Dealing with ageing



Developing countries will become older before they become rich while industrialized countries became rich before they were growing old” WHO
The world is ageing. According to the WHO, there are some 600 million people aged 60 and over worldwide; this is expected to double by 2025 and up to two billion by 2050. Most of the older people will be living in developing countries. However, the question is, are the developing countries prepared to confront the challenges of rapidly ageing societies?
 With ageing, population comes a declining dependency ratio (the number of working people becomes less than the non-working people), consequently, there is an increasing tendency for the ageing to increase their working lifetime.
However, we must consider the pressure and risk that comes with ageing. According to WHO, ageing comes with at least one chronic disease, such as hypertension, diabetes, and osteo-muscular conditions? Despite the risk of old age; we have seen older people trying to increase their working age.
Persistent work related stress could lead to the development of both mental and physical illness such as anxiety, depression, and cardiovascular disease. Several large studies reports reveal that work related stress increases with age peaking at about 50 to 55yrs
In preparation for a good health during old age, it is best to start early. While the cure to some diseases are yet to be found, a great number can be prevented, forestalled, or minimized with a healthy lifestyle and regular health screenings. Start doing much while in your mid age.

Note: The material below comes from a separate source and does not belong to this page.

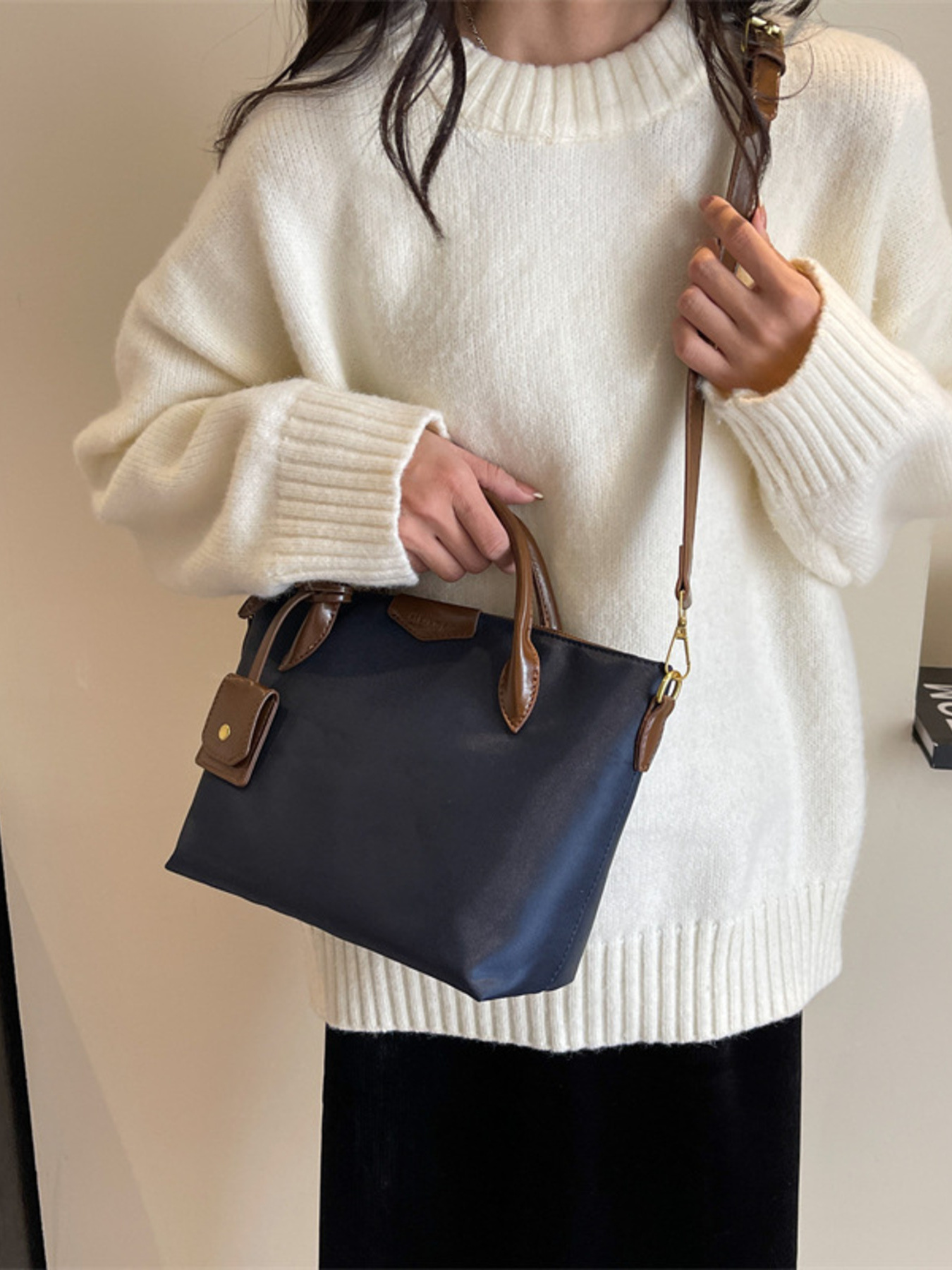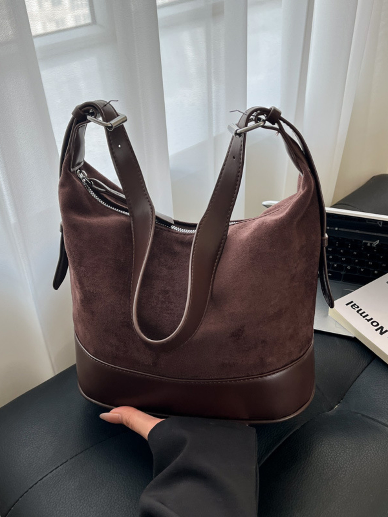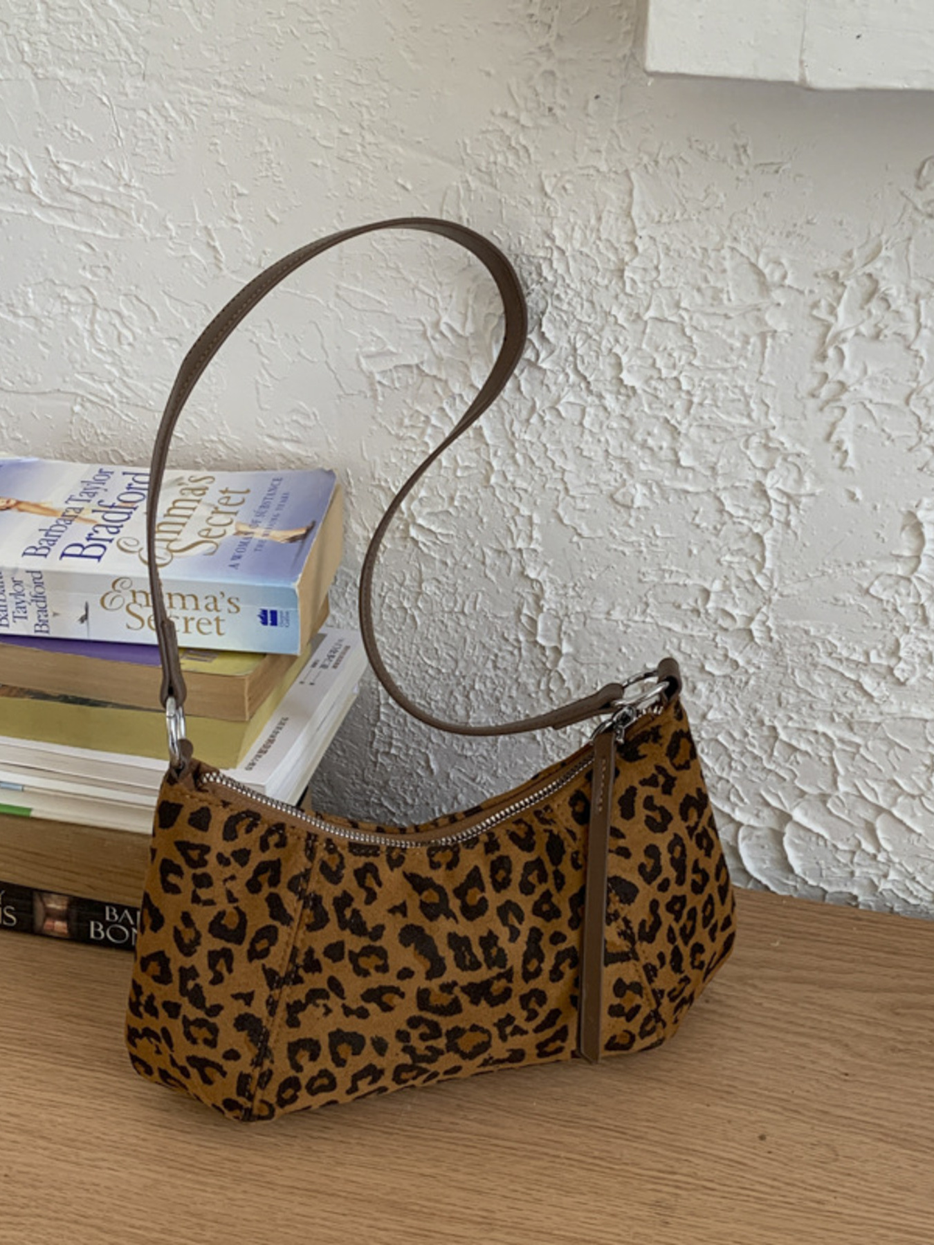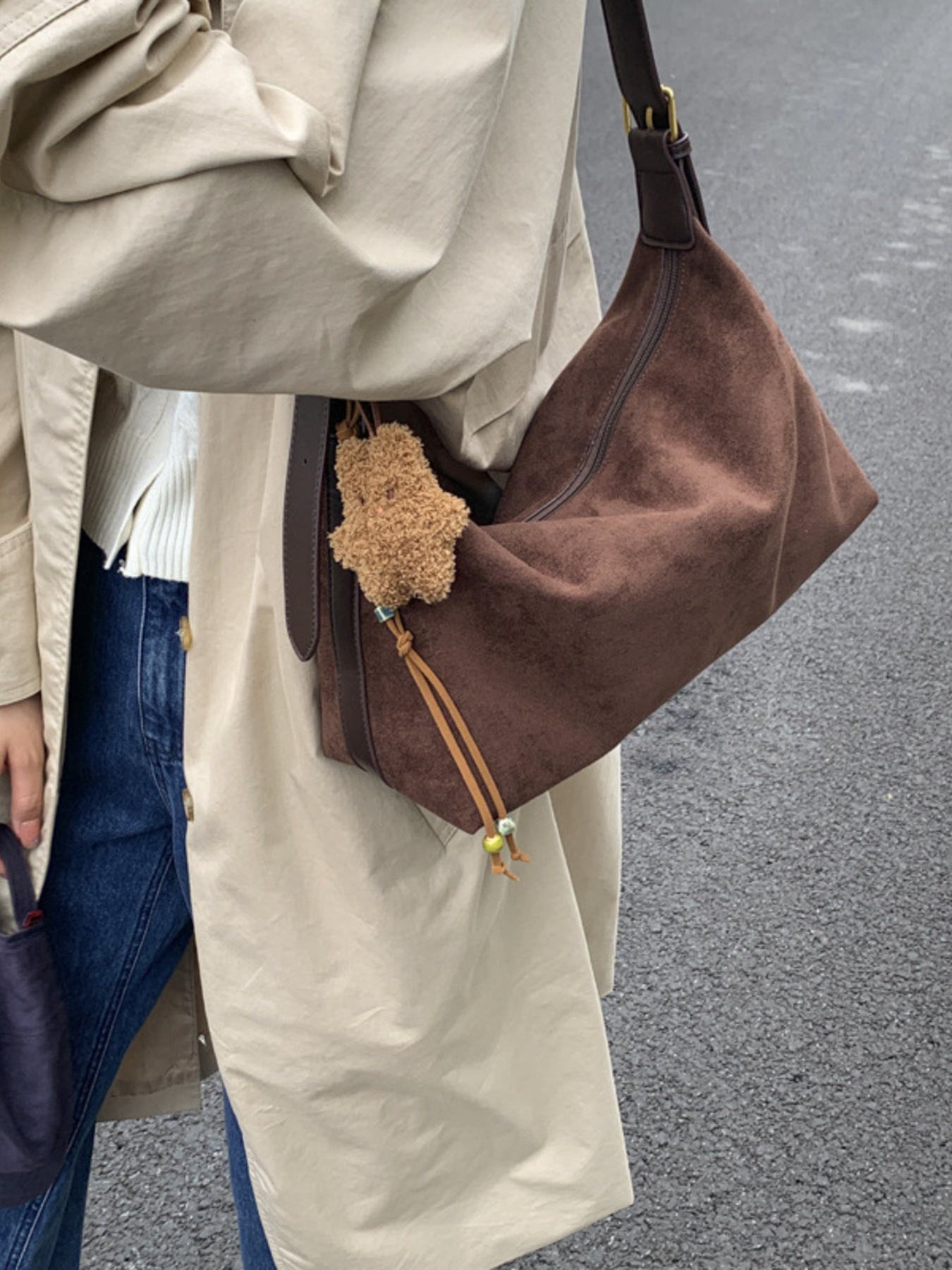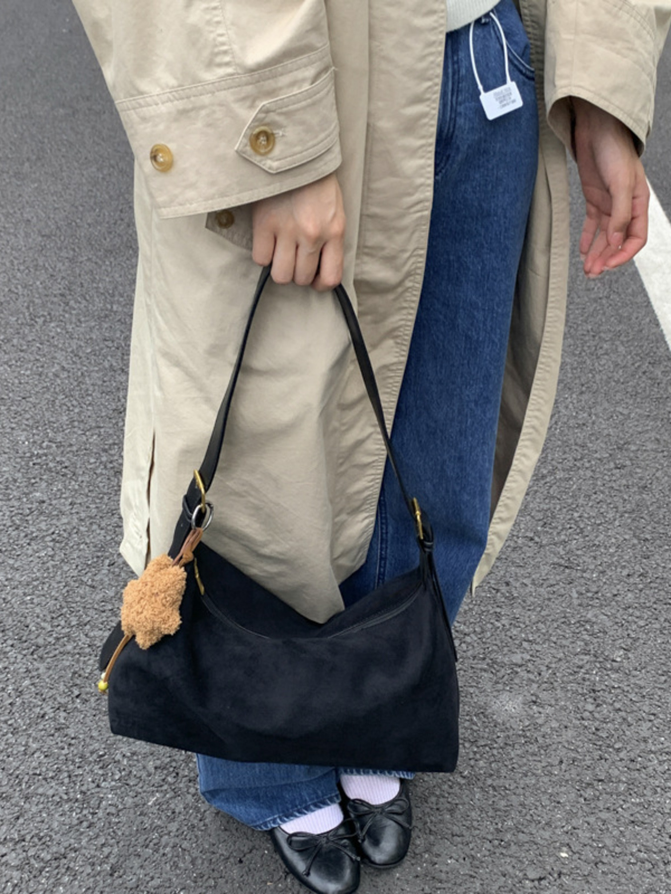 Fame Panel Stitch Crescent Leather Shoulder Bag

Obesity and Metabolic Syndrome

Did you know that about 0.8% of adults aged 60 and older are overweight or obese? More than 40% of adults 60 and above have a combination of risk factors known as metabolic syndrome. Obesity can make you vulnerable to hypertension, diabetes and it is related to type 2 diabetes, gall bladder disease, breast and colon cancer et al. 
 Metabolic syndrome puts people at increased risk of developing diabetes, cardiovascular disease, and certain cancers.
WHAT TO WATCH OUT FOR
·   In men: waist measurement higher than 40 inches, HDL (“good” cholesterol) level is less than 40mg/dL
·         
·    In women: apple-shaped body with waist measurement higher than 35 inches. “Good” cholesterol (HDL) level 50 mg/Dl. HDL cholesterol is “good” cholesterol because it helps to remove bad (LDL) cholesterol from the arteries. LDL cholesterol is “bad” cholesterol because it contributes to plaque, a thick, hard deposit that can clog arteries make them less flexible. This can lead to heart attack or stroke.
·         
·        Women in perimenopause and menopause are prune to accumulation of fat around the waist and hips
·        Triglyceride level is up to150 mg/dL or even more
·        Blood pressure of 130/85 or more
·        Fasting glucose level: 110 mg/dL or more
Prevention and management
1.     Exercise
2.     Avoid or reduce alcohol intake – lot of calories from alcohol intake goes right to the gut 
3.     Reduce calorie intake.
4.     Increase healthy fat intake such as omega-3 fatty acids and unsaturated fats.
5.     Get rid of Trans fats, it is never healthy.
6.     Avoid foods sweetened with high-fructose corn syrup. Common sweetener is found in sodas, breakfast cereal and low-fat yogurt.
Cholesterol experts believe you are healthy if the different cholesterol levels are within these range.
Total cholesterol of 5mmol/L or less
Non-HDL cholesterol of 4mmol/L or less
LDL cholesterol of 3mmol/L or less
Fasting triglyceride of 2mmol/L or less is normal
Non-fasting triglyceride of 4mmol/L or less is normal
NB : mmol/L represents Milli moles per liter
It is best to be proactive. Ensure to eat naturally prepared foods as much as possible, especially if you are still in your middle age.